PARIS - Sitting in rows on a grassy embankment overlooking a Paris square, around 50 asylum-seekers recite the alphabet in French following a teacher pointing to letters on a whiteboard.
"Ew," Louise shouts, attempting to make herself heard above the passing traffic and the music spilling out of a nearby bar.
"Ooh!" comes the reply from the group of mostly Sudanese and Afghan youths, struggling to pronounce the tricky French'u'.
The migrants are attending free open-air language classes organized by a refugee support group at a dozen locations around the French capital.
On a warm summer evening, two classes are underway on the banks of the Bassin de la Villette, part of the canals in northeast Paris near where migrants are often found sleeping rough.
While Louise, 22, who did not wish to give her full name, teaches beginners, Pierre Piacentini, a retired nurse, instructs Level 2 students on how to describe the various ailments they may find themselves explaining to a doctor.
Many in Piacentini's group are regulars at the daily classes, who show up come rain or shine.
"They were here when it was - 5 C, they're here when it rains, when it's hot, when they have the sun in their faces.

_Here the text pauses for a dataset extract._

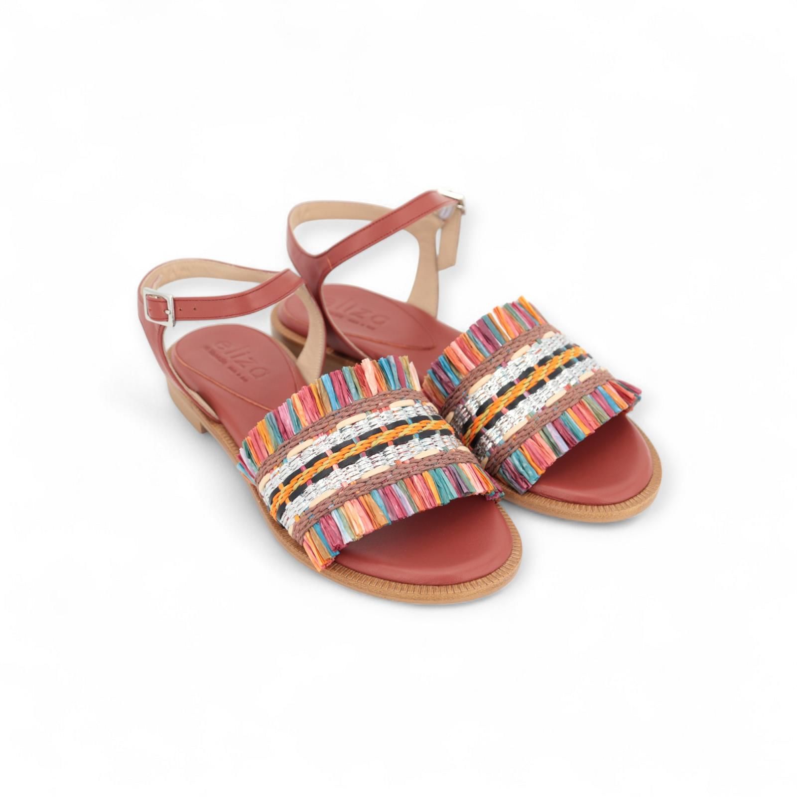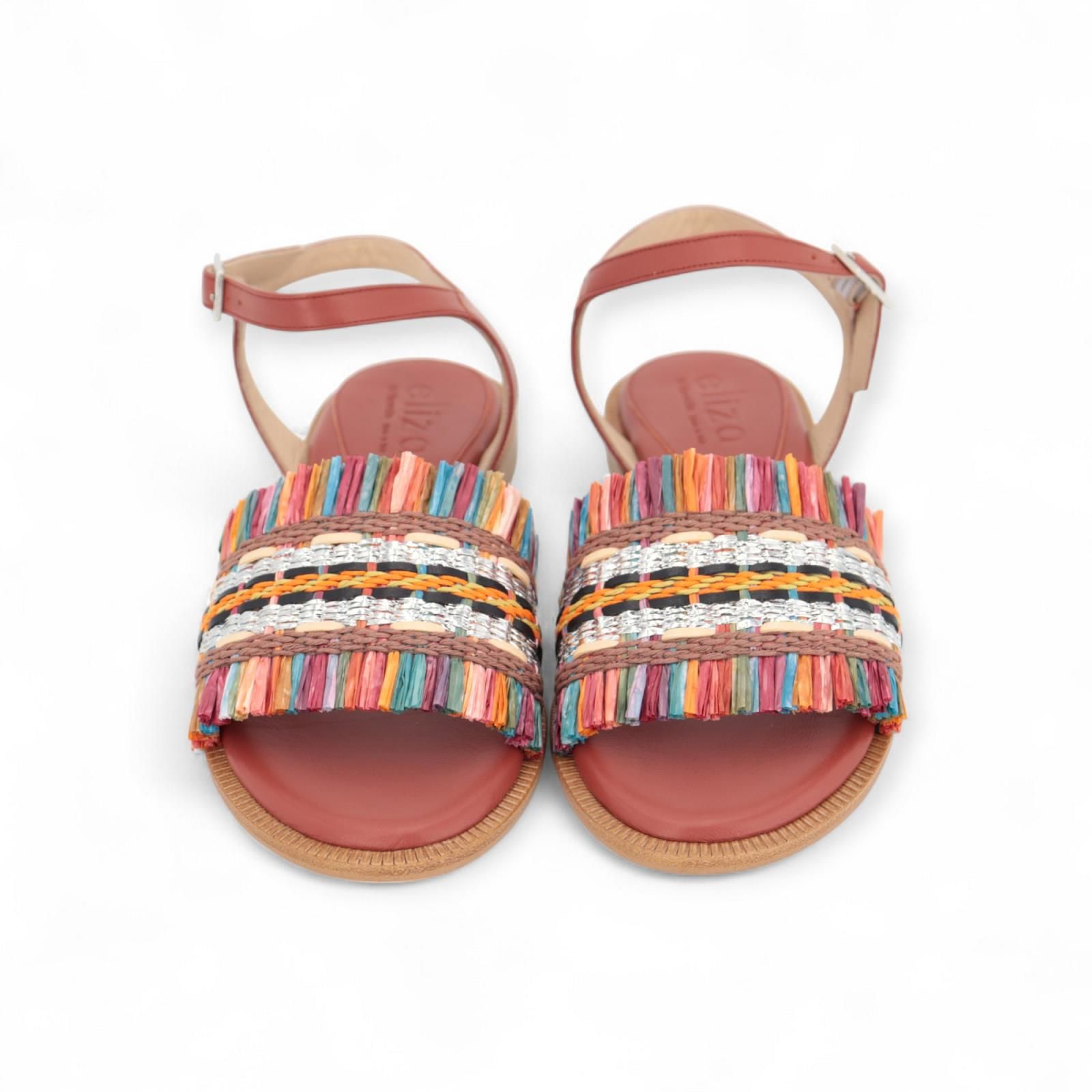 Eliza di venezia dames sandaal in multi kleur met rood. Prachtige rafia in een waaier van kleuren met een bandje rond de enkel. Deze sandaal is volledig in leer afgewerkt. Deze 100% handgemaakte Italiaanse leren schoenen zijn typerend voor haar vormen, materialen en unieke combinaties. Stuk voor stuk schoenen voor de elegante dame.

They're really into it basically," he said.
Founded in November 2015 at the height of the migrant crisis in Europe, the association BAAM (the French acronym for Office of Reception and Assistance for Migrants) aims to give asylum-seekers some of the support withheld by the state while their asylum claims are being processed.

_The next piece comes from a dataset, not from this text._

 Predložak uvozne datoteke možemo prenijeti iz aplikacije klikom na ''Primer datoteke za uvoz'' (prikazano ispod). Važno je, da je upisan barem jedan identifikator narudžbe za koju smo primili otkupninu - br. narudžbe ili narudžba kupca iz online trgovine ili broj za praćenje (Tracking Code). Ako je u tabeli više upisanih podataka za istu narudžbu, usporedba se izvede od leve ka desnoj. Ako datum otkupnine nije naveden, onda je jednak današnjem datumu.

That includes language classes, with the French government only offering lessons to people who have received refugee status.
"The problem is that the asylum processing times are very long. People want to learn French and they can't," said Julian Mez, one of the founders of BAAM.
President Emmanuel Macron, elected in May, has promised to cut the waiting times for asylum claims from around 18 months at present to six months.
Omar, a 28-year-old Sudanese, began classes nine months ago. Before, he said, he knew "nothing".
"Now, I speak well," he said in correct French.
Besides teaching French, BAAM's volunteers help migrants negotiate the country's bureaucracy and complete forms.
Piacentini has been teaching every day for nine months. "It's like a drug," he says, laughing.
It is a steep learning curve both for teacher and pupil, as he discovered one day during a class about family.
Amazed that all the Sudanese students, when asked to list their siblings, mentioned only their brothers, he asked: "Don't you have any sisters?"
Later, one of the students took him aside and told him that it was inappropriate to ask Sudanese men about female relatives.